%%

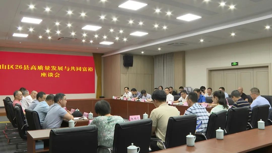 8月12日,我县举行山区26县高质量发展与共同富裕座谈会。浙江省经济学会专家组一行以及县相关部门负责人参加会议。
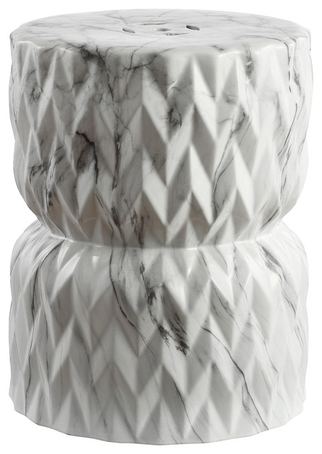 Chevron Drum 17 5 White Marble Finish Ceramic Garden Stool
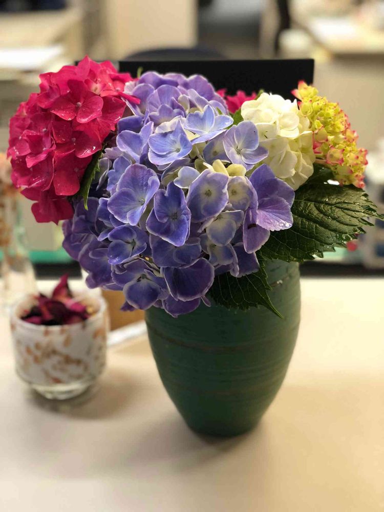 大きな紫陽花があったので、これでもかーってくらいモリモリで生けてみました、

%%

Once the pictures are set aside, what is needed is the lines from the line with "Chevron Drum 17" through the end of the data, written out exactly and alone.

▶ **Result of the exercise**:
 Chevron Drum 17 5 White Marble Finish Ceramic Garden Stool
 大きな紫陽花があったので、これでもかーってくらいモリモリで生けてみました、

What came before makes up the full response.